> WHAT IS EXPECTED
In the records below, repeat exactly the lines between the line holding "少し歩くとまた三叉路がありま" and the line holding "Days after celebrating", inclusive, and drop the pictures.

> PROVIDED ENTRIES
· · · ·

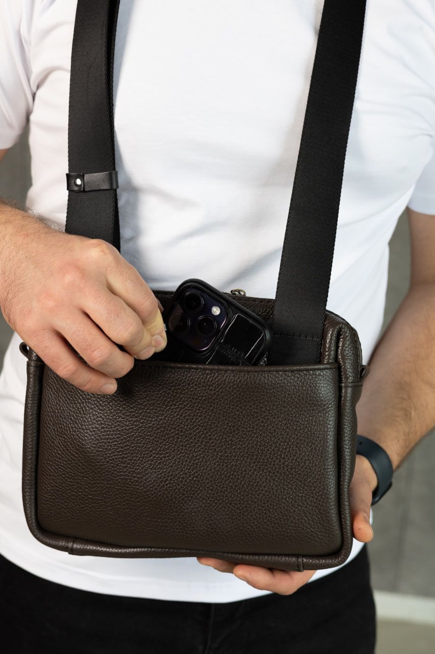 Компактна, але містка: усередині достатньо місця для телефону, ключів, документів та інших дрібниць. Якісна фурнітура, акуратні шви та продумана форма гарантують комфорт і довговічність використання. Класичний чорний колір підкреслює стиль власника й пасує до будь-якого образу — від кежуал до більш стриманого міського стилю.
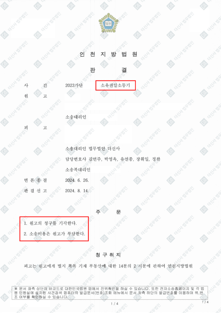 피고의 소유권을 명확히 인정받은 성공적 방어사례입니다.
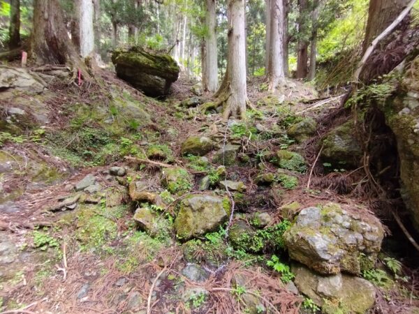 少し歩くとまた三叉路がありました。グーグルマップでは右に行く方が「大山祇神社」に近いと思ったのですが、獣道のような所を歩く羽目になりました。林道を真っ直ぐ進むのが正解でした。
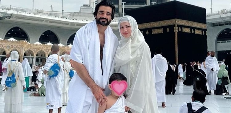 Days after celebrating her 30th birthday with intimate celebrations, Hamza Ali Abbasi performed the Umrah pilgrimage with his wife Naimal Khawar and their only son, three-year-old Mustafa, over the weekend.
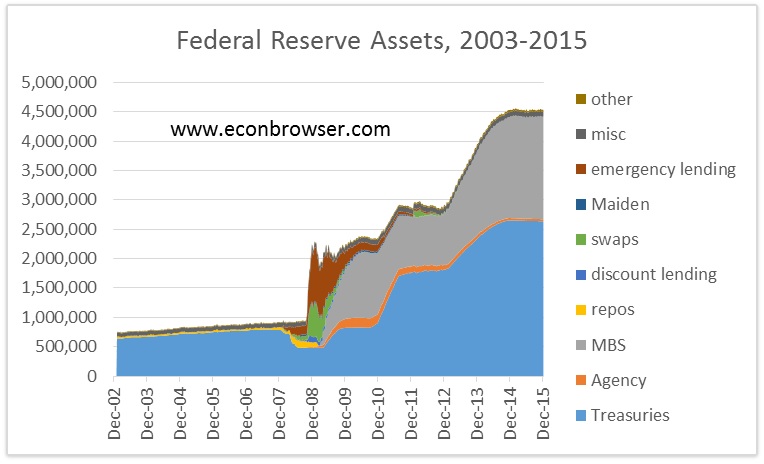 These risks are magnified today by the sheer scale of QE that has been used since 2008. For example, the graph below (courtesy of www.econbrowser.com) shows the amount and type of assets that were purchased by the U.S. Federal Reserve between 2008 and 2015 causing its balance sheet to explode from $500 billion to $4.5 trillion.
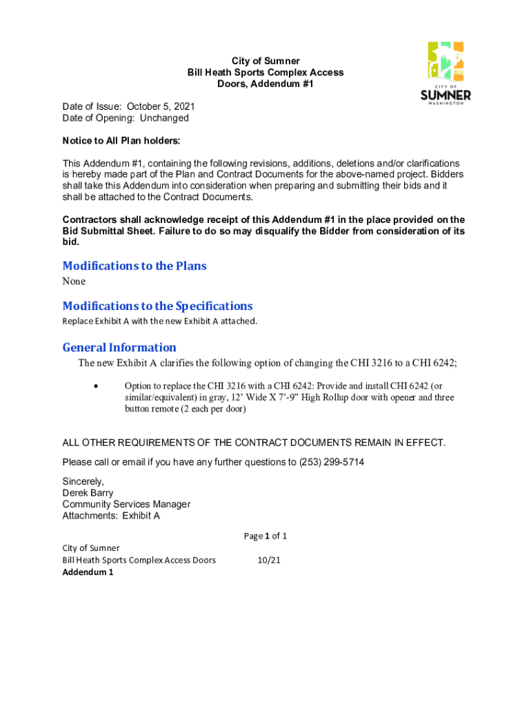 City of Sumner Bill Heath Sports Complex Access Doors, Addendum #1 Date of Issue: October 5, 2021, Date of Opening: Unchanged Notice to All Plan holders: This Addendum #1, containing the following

· · · ·

> EXERCISE ANSWER
 少し歩くとまた三叉路がありました。グーグルマップでは右に行く方が「大山祇神社」に近いと思ったのですが、獣道のような所を歩く羽目になりました。林道を真っ直ぐ進むのが正解でした。
 Days after celebrating her 30th birthday with intimate celebrations, Hamza Ali Abbasi performed the Umrah pilgrimage with his wife Naimal Khawar and their only son, three-year-old Mustafa, over the weekend.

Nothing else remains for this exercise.